Still, Galchen manages to cultivate helpful writing conditions. “Some of the most peaceful, excellent concentration I have is when I go to my daughter's soccer practice,” she says. “It’s like two hours, and there’s nothing else to do. I'm looking forward to that today. I have a two-hour, really clean window where I'm not home and I can't see anything or do anything else.” Out in the world, Galchen feels less distracted. “At home, I’m always at risk of looking up a recipe or finding out what happened [in politics] in the past hour,” she says.
The pandemic, which has resulted in the cancellation of so many aspects of daily life, has given Galchen more time to write too. “I have a friend who talks about being like the house that the Dust Bowl didn't hit. I just had so much more time. Normally, I bring my daughter to school, I blink and it's time to pick her up or get to some after school activity. I do the grocery shopping, I cook the dinner. Normally, I'm running all over the place. I usually use the subway like six times a day. Suddenly, I had all this time. So it was a great time for me in terms of writing, which I feel guilty about.”
Galchen’s ability to adapt her creative routine and make the most of her time has served her well over the course of her career. An award-winning fiction writer and journalist, her work appears in The New Yorker, Harper’s, The London Review of Books, and The New York Times. She is the author of four books: Atmospheric Disturbances (FSG, 2008), American Innovations (FSG, 2014), Little Labors (New Directions, 2016), and Everyone Knows Your Mother Is a Witch (FSG, 2021). She is the recipient of numerous prizes and fellowships, including a Guggenheim Fellowship, a Rona Jaffe Fellowship, The Berlin Prize, and The William J. Saroyan International Prize in Fiction. She was included on The New Yorker’s list of 20 Writers Under 40 in 2010. She also holds an MD from Mount Sinai School of Medicine.

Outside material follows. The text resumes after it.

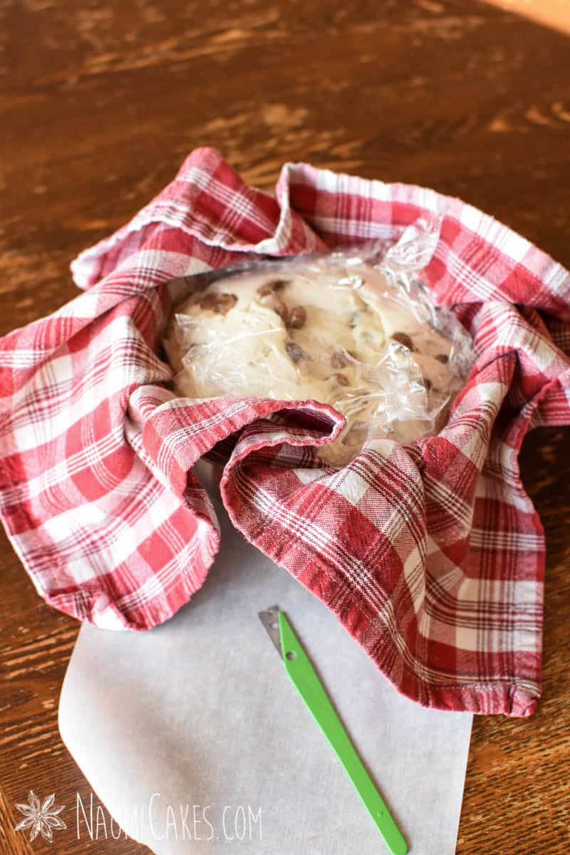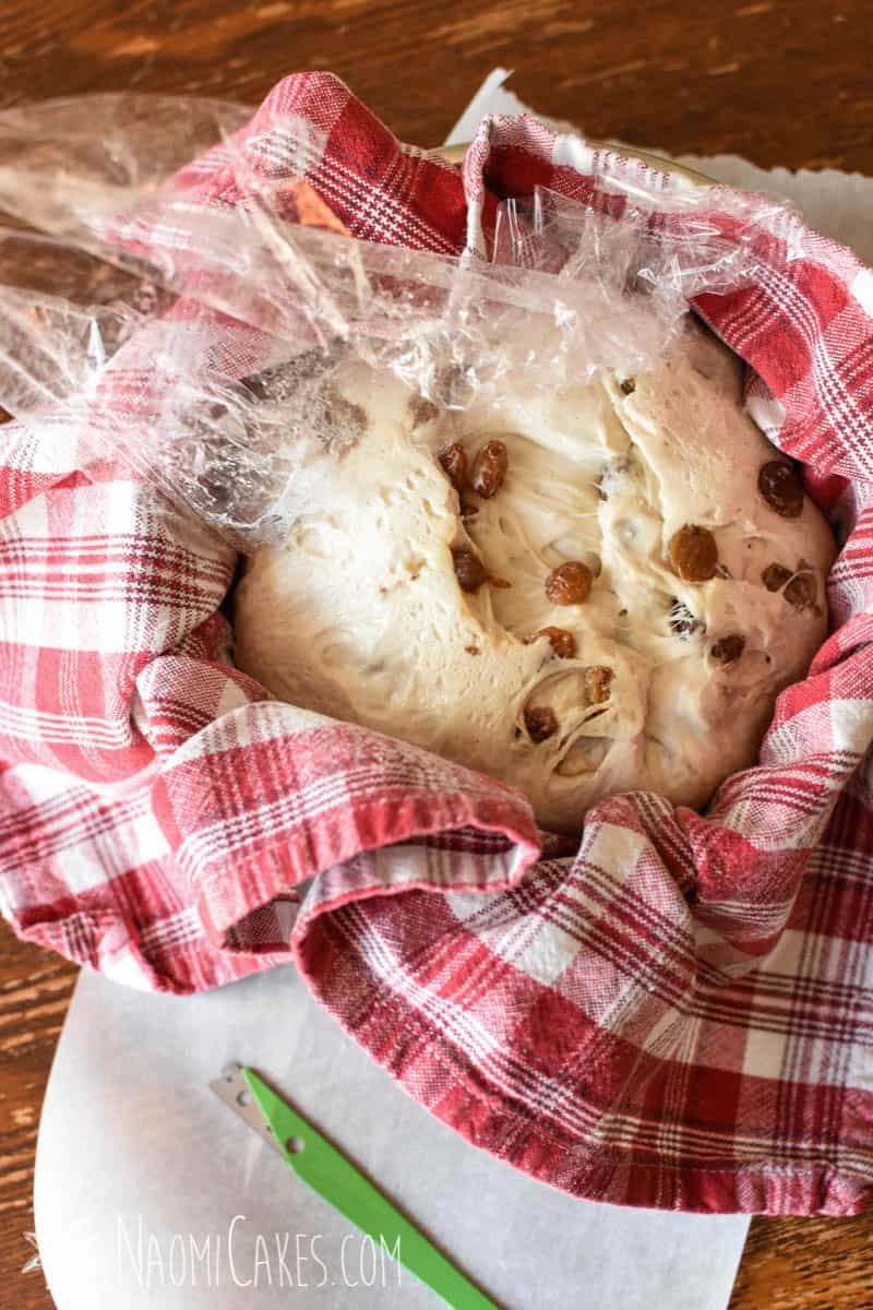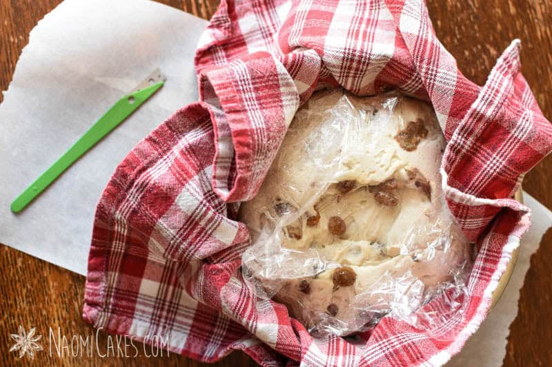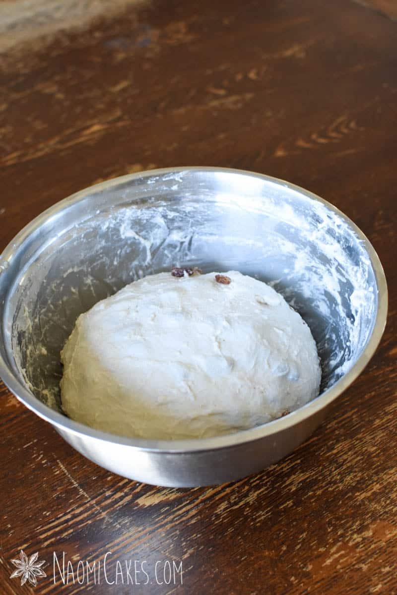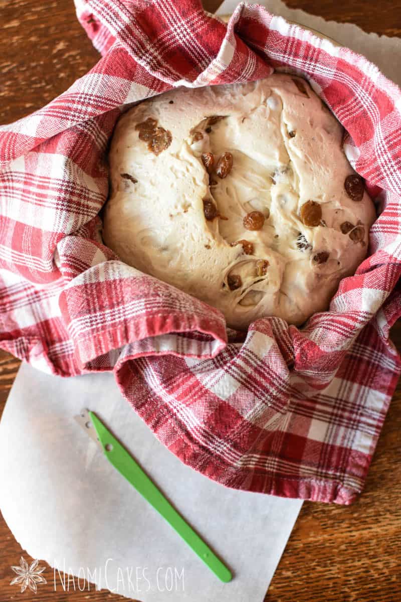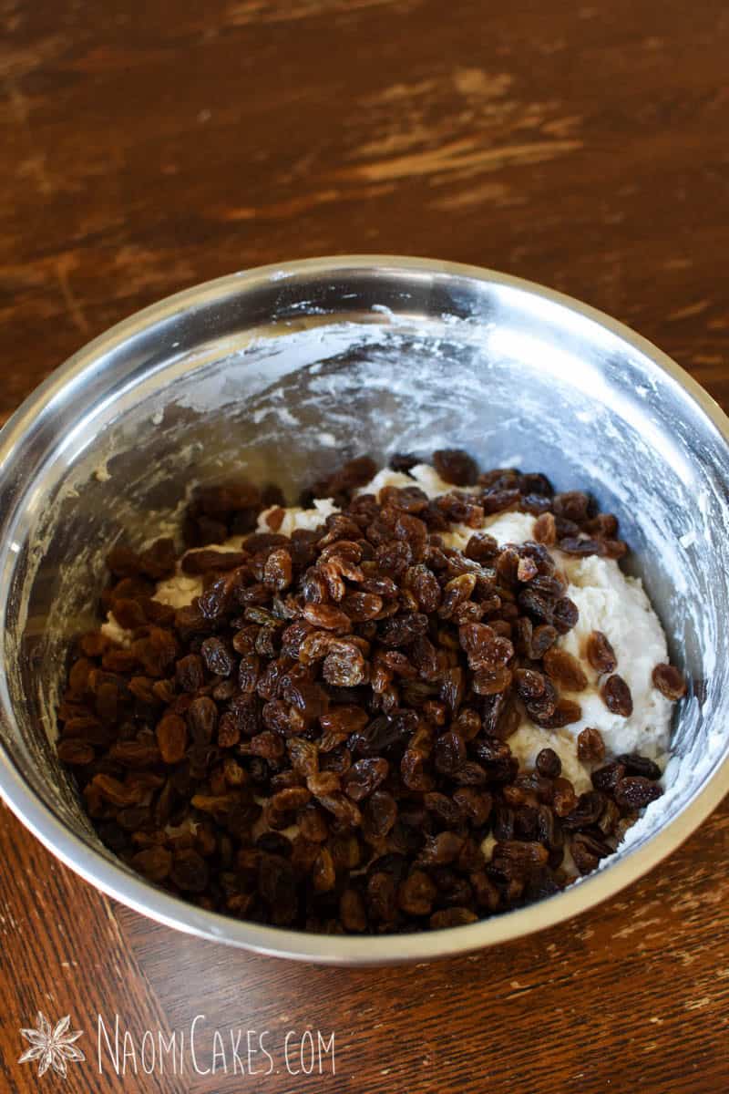 3. Once the dough has rested for 30 minutes, add the soaked raisins. Stick your hand under the dough, grab a handful, and pull it up as high as you can without breaking it. Fold the stretched dough down over the top of the whole amount. Repeat this process from different sides of the dough 4-5 times, or until the dough isn’t “loose” anymore and it begins to feel stronger, or “taut”. Cover, and allow this to rest 30 minutes.

To aspiring writers, Galchen says, “Writing is an endurance sport. It’s characterized by a lot of rejection, both external and internal, like you yourself look at your work and lose heart sometimes. Most people aren't trying to write unless they love it and they have an intimate relationship to language and storytelling. So I sort of assume that people aren't trying to become writers unless the field is a pretty good fit for them. Being a writer as a profession is all about becoming almost delusionally indifferent to serial rejection and failure.”